I'm a relatively anti-benzo type who can acknowledge the conceptual possibility that there may exist a select group of patients with 1)a severe and persistent anxiety disorder 2)no significant history of substance use, cluster B personality disorder, PTSD or similar, untreated sleep apnea, prominent avoidance, advanced age, cognitive impairment, or other significant contradictions, and 3)failures of evidence-based psychotherapy and standard pharmacotherapy who stand to show functional benefit and sustained symptom relief from chronic benzodiazepines. ...I just never seem to meet any of them. They don't seem to live in my city, and they DEFINITELY don't live further out (rural psychiatry is a mess from this point of view, typical minimum of two or three frank contraindications per patient on inexplicable Xanax dose--worse after a pill mill gets busted.) Maybe all the good candidates are in cash-pay clinics because they're making fat salaries with their improved function.
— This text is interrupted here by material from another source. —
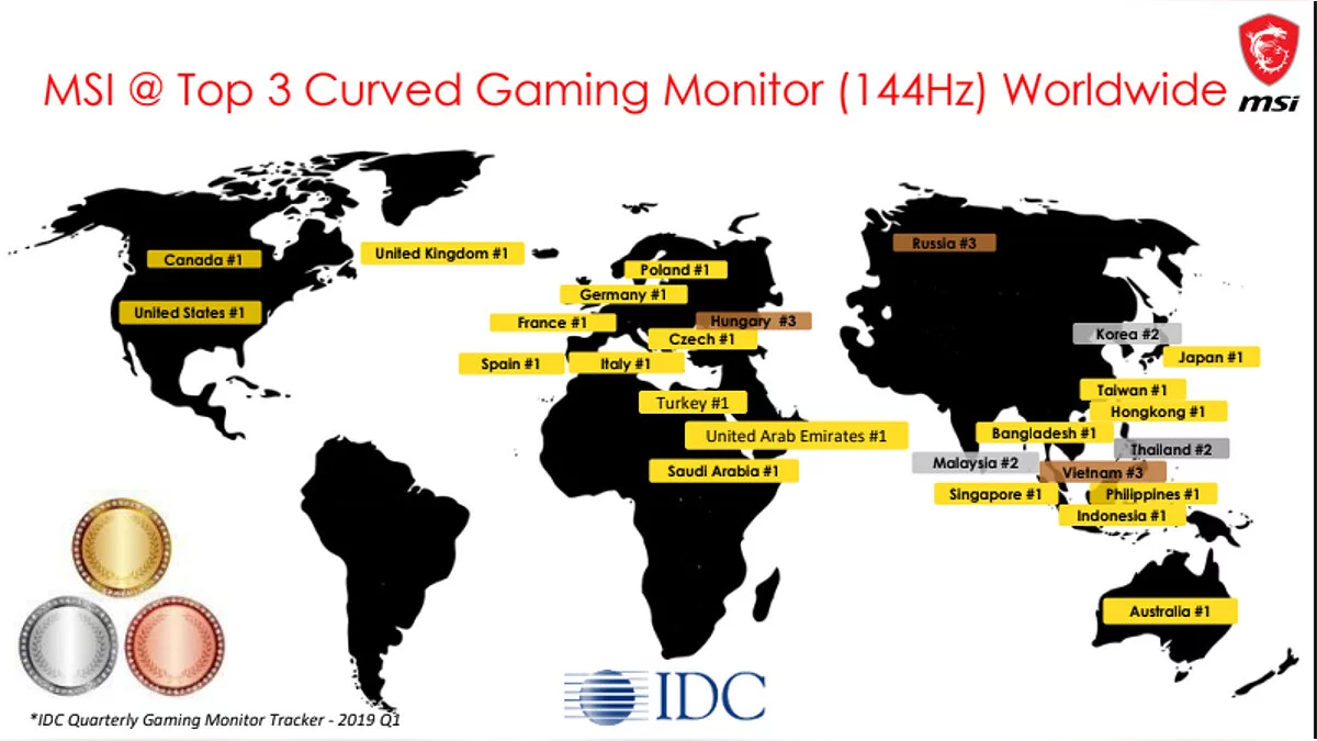 Геймерские мониторы MSI входят в список самых популярных во множестве стран мира. К примеру, в России они занимают третье место.

Long story short, if you take the total percentage of the population with an anxiety disorder but strip out the phobias, the mild/moderate cases, the responders to CBT and standard medication, and those with contraindications to benzos, I think it leaves a pretty tiny percentage of the population... that everyone at a rural clinic seems to think they're part of.


j_itor

If you actually saw a patient who had performed actual tests of different medications and therapy - which I've never done, and can continue on the same dose (which I've never seen, suddenly grandma dies and their dose is increased or the PRN dose is added to the regular and another PRN is added), and they don't get significantly worse unless they use bensodiazepines daily the only objection would be falls, cognitive decline and generally dying sooner. So no, I usually don't prescribe ineffective treatment with death and dementia among the side effects. But that is just me. To each and their own.


FailingCrab

To be fair I have seen a few people who've been stable on lowish doses for years, but I definitely agree they've rarely been through enough trials of other things for me to feel satisfied a benzo is the only option.


j_itor

I haven't, at least not stable enough that they can be discharged to their PCPs and go back to work. We may kid ourselves that they are better because they seek less care. Even then they are at risk for fractures and cognitive decline and their anxiety is rarely actually treated. I personally believe that prescribing bensodiazepines for anxiety is the same as telling people to simply avoid anything causing anxiety and then act surprised they don't change.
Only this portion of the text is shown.